So money does motivate me in some ways—but it’s not the primary driver. One of the reasons that I rebranded L. Kiernan Consulting, LLC into High Touch Investor Relations was because I felt the time was right for me to go all-in on my own business. After more than 25 years in business, I realized so much of the wealth that was being created was going primarily to the founders and owners of the businesses I was working with. I was paid very well for that, however, I saw an opportunity to enable more of the wealth to accrue to me and my family by starting my own business. This way, I could effectively charge more for my services while still enabling public companies to make transformative changes in the capital markets. 

I’ve been running High Touch Investor Relations for more than three years now, and it’s a fully sustainable business. I’ve had the opportunity to become an angel investor in several of the public and private companies that I work with. And, I get to work with a lot of women and underrepresented founders who provide something much more than financial pay. You could call it psychic pay or returns that can’t be measured in dollars and cents.  


What else has helped you feel confident making changes in your career and taking risks?

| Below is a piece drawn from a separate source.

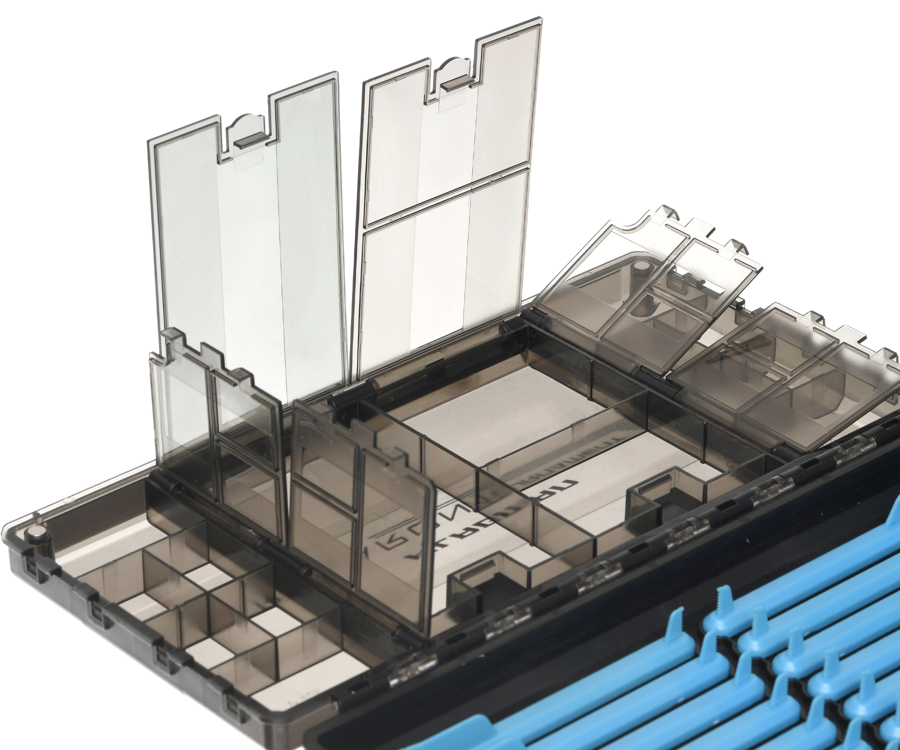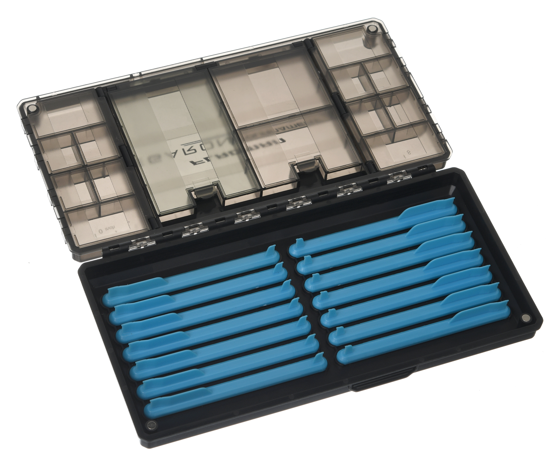 Коробка для аксесуарів Flagman Tregaron Accessory Box with Rig Sticks – зручний пластиковий кейс для зберігання і транспортування готових повідців, складових оснасток та риболовних аксесуарів. Коробка Flagman Tregaron Accessory Box with Rig Sticks оснащена 15 окремими відсіками різних розмірів із прозорими кришками для зберігання аксесуарів. Основне відділення має вбудовану магнітну дошку для розміщення 14 магнітних стіків, кожен із яких може містити до 8 готових повідців. Корпус коробки Tregaron Accessory Box with Rig Sticks виготовлено з легкого міцного пластику та оснащено магнітним замком із 4 магнітами для щільного закриття. Розміри (ДхШхВ): 248х130х38 мм. У комплекті 14х10 см (4") магнітних стіків.

You talked about women having a voice inside of them guiding their career. I have that voice too. This is going to sound corny, but when I was five years old I went to my first Sunday school at church. I remember a Sunday school teacher telling me: “God loves you no matter what.” As a five year old thought, That is so cool. No matter what...God loves me.  I am loved.

Because of that experience and my faith, I’ve always had an inner voice telling me that it doesn’t matter how many rocks people throw at me or how much they tell me I’m going to fail. I can’t listen to those voices expecting me to fail. Instead I have to listen to that voice from when I was five years old. It’s carried me through my career. 

I was also very independent growing up—as the oldest girl among the six of us, I learned to not only help my mother care for the household at a young age but also earn money. This gave me the confidence that I could pretty much achieve whatever I set my mind to.  

I rely a lot on my support networks—most of these are women but I definitely have some very supportive men in my corner too, and of course my family, who is my ROCK. I give a lot to these networks and I get a lot too, and it’s never a one for one exchange. That’s what’s so beautiful about them. I’m able to get a lot of the psychic pay I crave so much. That really fills me up and energizes me to get out of bed every morning.  

I love that. Thank you so much, Laura, for sharing your career story! Connect with Laura and learn more about her financial literacy course, Raising Millions and her upcoming book, and podcast Raising Billions, here.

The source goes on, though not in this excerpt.